In addition to making a few short films before this feature film debut of hers, director/writer Kim Cho-hee also worked as the producer of Hong’s several recent films including “Right Now, Wrong Then” (2015), and the influences from Hong’s films are obviously shown here and there in the movie. Many conversation scenes in the film look plain and simple on the whole while occasionally accentuated by slow zoom-in, but they draw our attention nonetheless as deftly delivered by the main cast members of the film, who imbue lots of personality into their archetype characters. While Kang Mal-geum diligently holds the center with her strong lead performance, Yoon Seung-ah, Kim Yong-min, Bae Yoo-ram, and Yoon Yuh-Jeong are also enjoyable in their colorful supporting roles, and Yoon Yuh-jeong, who has been one of the most dependable actresses in South Korea for many years, delightfully steals the show as she recently did in “Beasts Clawing at Straws” (2020).

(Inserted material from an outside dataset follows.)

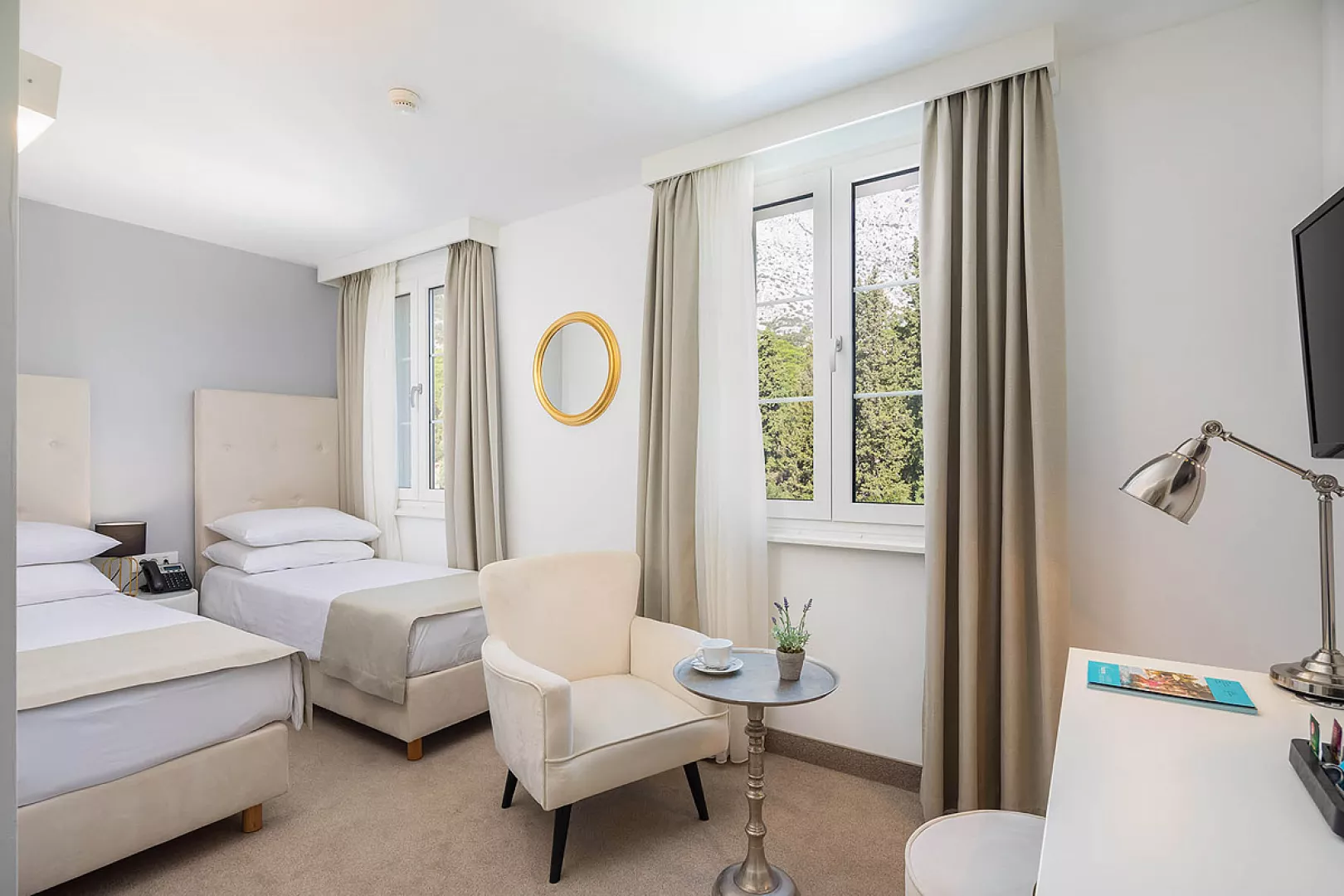 Hotelový komplex pozostáva z hlavnej budovy, viacerých víl a štyroch depandansov (Dingač, Postup, Plavac a Mali), ktoré sú vzdialené približne 50 m od hotela. Pláž ponúka zmes štrkovo-piesočnatej a skalnatej časti, s možnosťou prenájmu ležadiel za poplatok. Plážové uteráky pri bazéne a na pláži sú k dispozícii zdarma.

Overall, “Lucky Chan-sil” is an engaging comedy movie which tries to do something different in its familiar territory, and Kim Cho-hee surely demonstrates here that she is another interesting South Korean female filmmaker to watch. To be frank with you, I have no idea on how much this autobiographical work of hers is based on her real-life experience, but now she moves onto the next phase of her life and career just like her heroine does at the end of the film, and I will certainly have some expectation on her next work.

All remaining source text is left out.